------ Supplied material ------

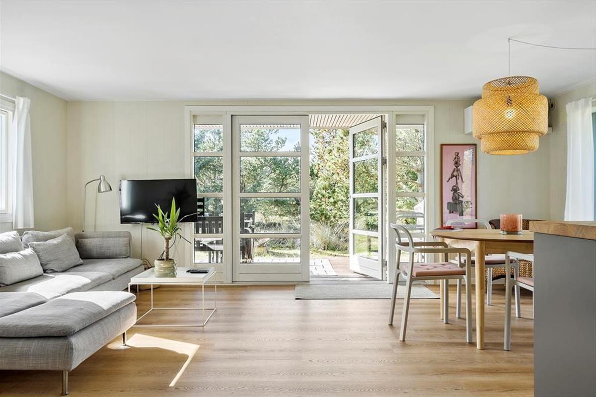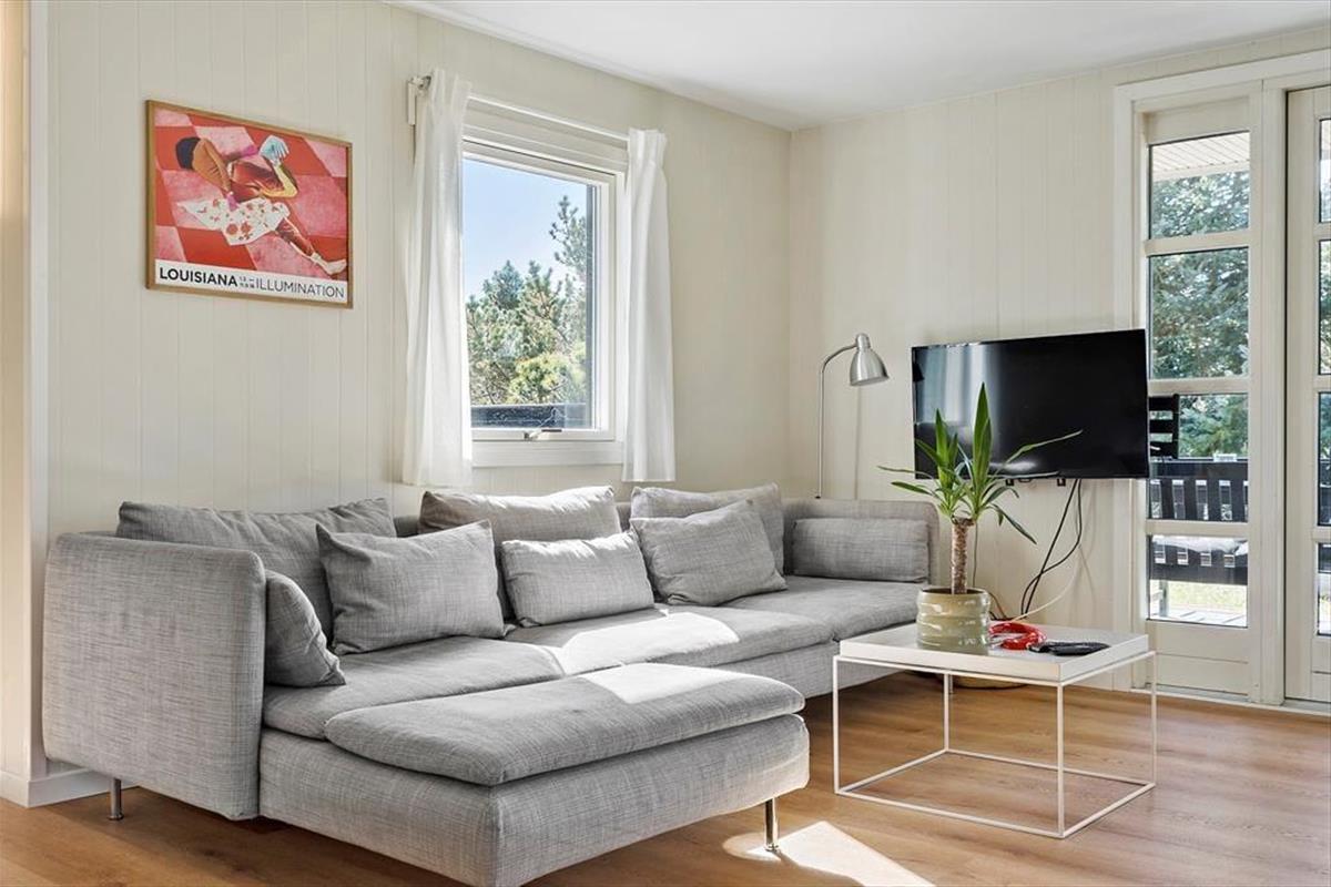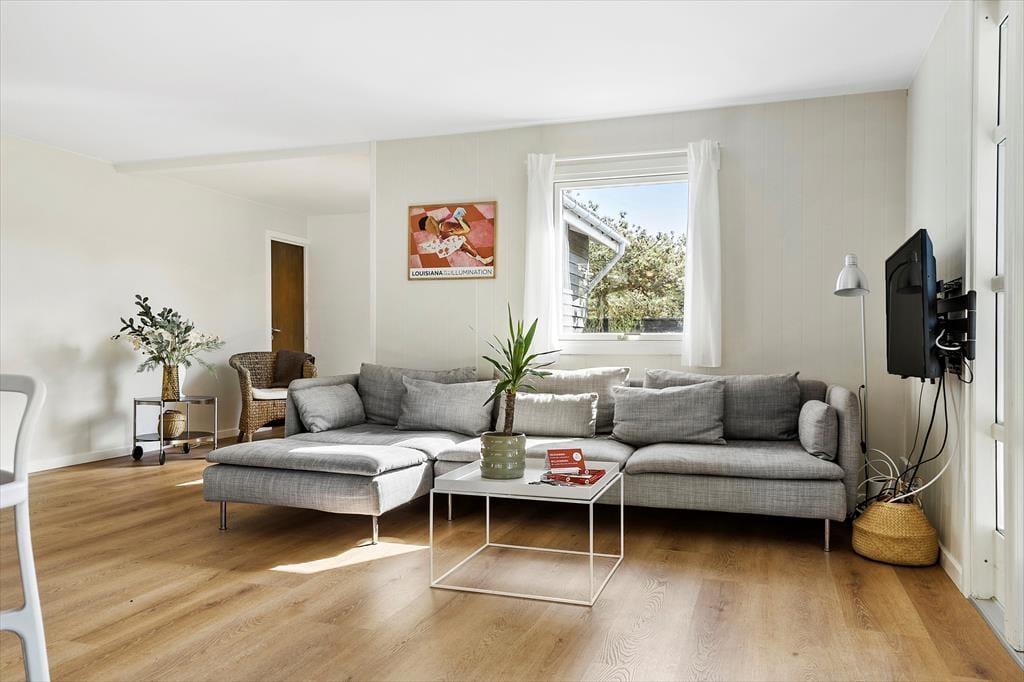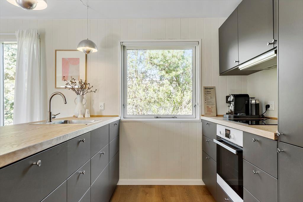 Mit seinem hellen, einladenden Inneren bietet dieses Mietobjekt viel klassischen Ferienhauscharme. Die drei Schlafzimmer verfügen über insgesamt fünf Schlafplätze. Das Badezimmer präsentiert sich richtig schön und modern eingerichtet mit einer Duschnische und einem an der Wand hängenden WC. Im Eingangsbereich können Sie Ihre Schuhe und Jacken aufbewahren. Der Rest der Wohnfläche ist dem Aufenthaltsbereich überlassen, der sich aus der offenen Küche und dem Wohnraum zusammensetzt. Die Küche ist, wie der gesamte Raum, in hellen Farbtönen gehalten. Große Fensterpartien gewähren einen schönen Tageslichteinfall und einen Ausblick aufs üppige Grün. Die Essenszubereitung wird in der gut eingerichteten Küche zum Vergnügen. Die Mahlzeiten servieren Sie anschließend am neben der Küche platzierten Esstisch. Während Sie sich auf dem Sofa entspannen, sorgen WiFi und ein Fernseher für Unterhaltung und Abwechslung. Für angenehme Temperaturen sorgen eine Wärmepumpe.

------
------ Supplied material ------

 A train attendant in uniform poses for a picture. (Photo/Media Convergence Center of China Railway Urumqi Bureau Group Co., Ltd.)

------
------ Supplied material ------

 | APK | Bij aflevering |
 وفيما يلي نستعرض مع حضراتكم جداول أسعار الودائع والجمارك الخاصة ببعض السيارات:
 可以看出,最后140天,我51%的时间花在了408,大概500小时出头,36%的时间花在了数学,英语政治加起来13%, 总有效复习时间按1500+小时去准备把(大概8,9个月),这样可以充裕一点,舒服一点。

------

Brief |
Using the entries above, repeat only the lines from the one containing "وفيما يلي نستعرض" through the one containing "可以看出,最后140天,我5", end lines included.

Exercise output |
 وفيما يلي نستعرض مع حضراتكم جداول أسعار الودائع والجمارك الخاصة ببعض السيارات:
 可以看出,最后140天,我51%的时间花在了408,大概500小时出头,36%的时间花在了数学,英语政治加起来13%, 总有效复习时间按1500+小时去准备把(大概8,9个月),这样可以充裕一点,舒服一点。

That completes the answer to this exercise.